Great Smoky Mountains Natl. Park — Great Smoky Mountains National Park officials are inviting the public to the unveiling of two new waysides at Mingus Mill on Tuesday at 10:30 a.m.
The new waysides are a part of the larger African American Experiences in the Smokies project.
One of the new waysides tells the story of the nearby Enloe Slave Cemetery, where several African Americans are buried. The other wayside tells the story of legendary jazz bassist Charles Mingus, Jr., and his family, according to GSMNP officials.
Charles Mingus, Jr.'s son, Eric Mingus, will perform a new piece of music that speaks to and of Mingus Mill, its location and the people who lived there, including his ancestors, GSMNP officials said.
Eric Mingus has recently reconnected with his family’s story that is rooted in the park through the African American Experiences in the Smokies project, according to GSMNP officials.
GSMNP Superintendent Cassius Cash, Eric Mingus, and others will give brief remarks, starting at 10:30 a.m. near the Mingus Creek trailhead.
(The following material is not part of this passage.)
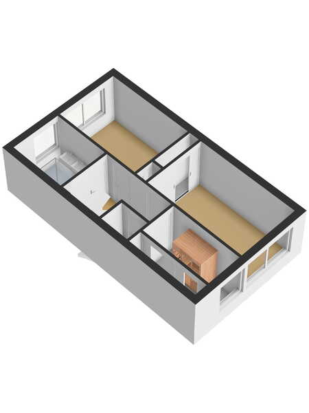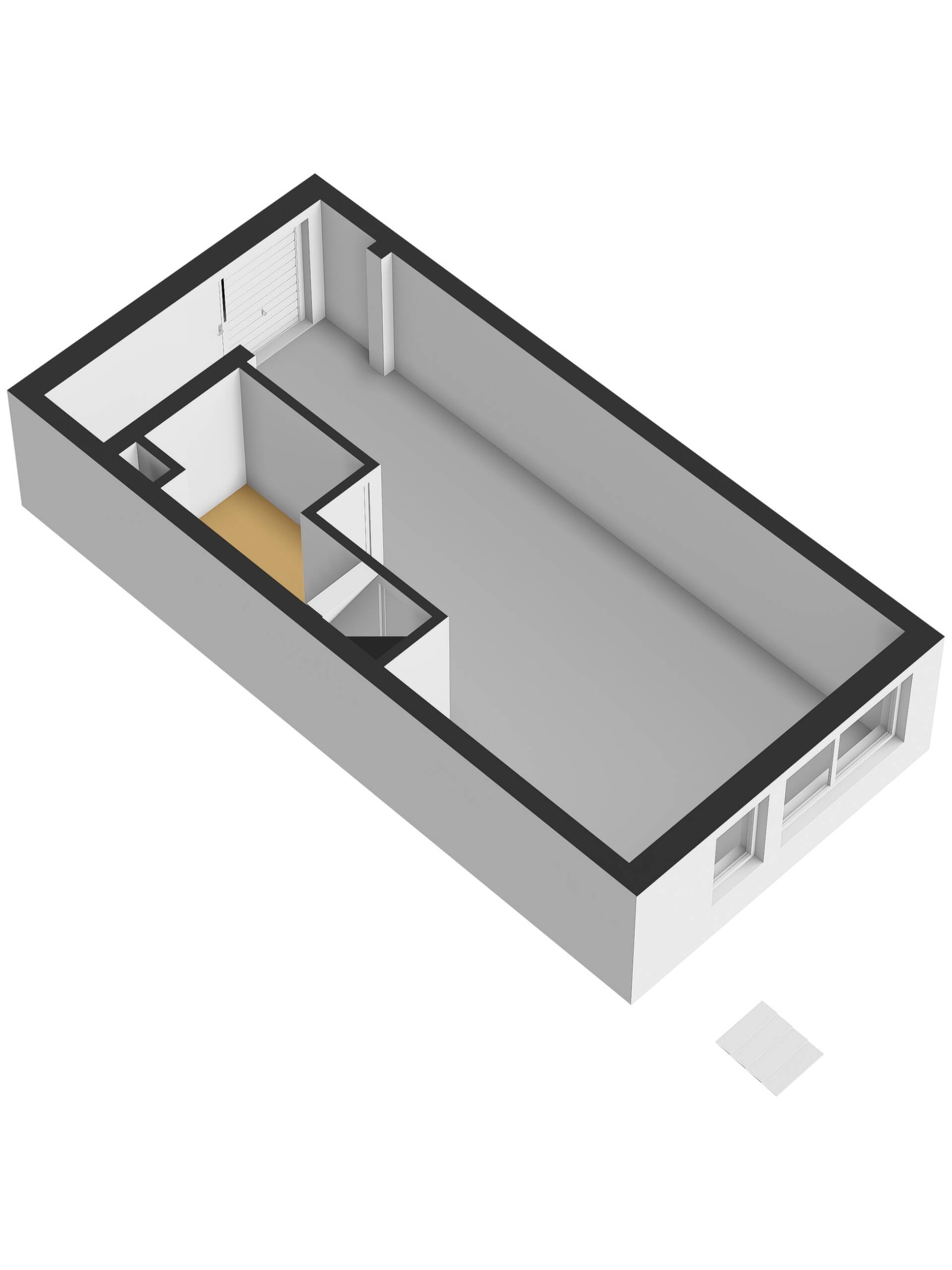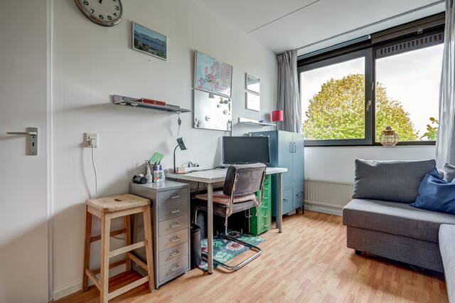 De tweede verdieping is bereikbaar via een vaste trap en biedt een ruime slaapkamer

The performance by Eric Mingus will start at 10:50 a.m. Following the event, Park Ranger Antoine Fletcher will offer a short walking tour of the nearby Enloe Slave Cemetery.
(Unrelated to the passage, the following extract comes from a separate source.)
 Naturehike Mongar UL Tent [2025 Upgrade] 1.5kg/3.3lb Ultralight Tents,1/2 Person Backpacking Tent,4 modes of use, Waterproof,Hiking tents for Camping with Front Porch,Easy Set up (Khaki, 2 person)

“The new signs and the African American Experiences in the Smokies project are so important to tell the untold stories of Black people in the region,” Cash said. “And we are honored to have Eric Mingus perform a new musical piece that connects with his own ancestors who lived here. His performance will also introduce and invite new audiences to explore the African American journey in Great Smoky Mountains National Park.”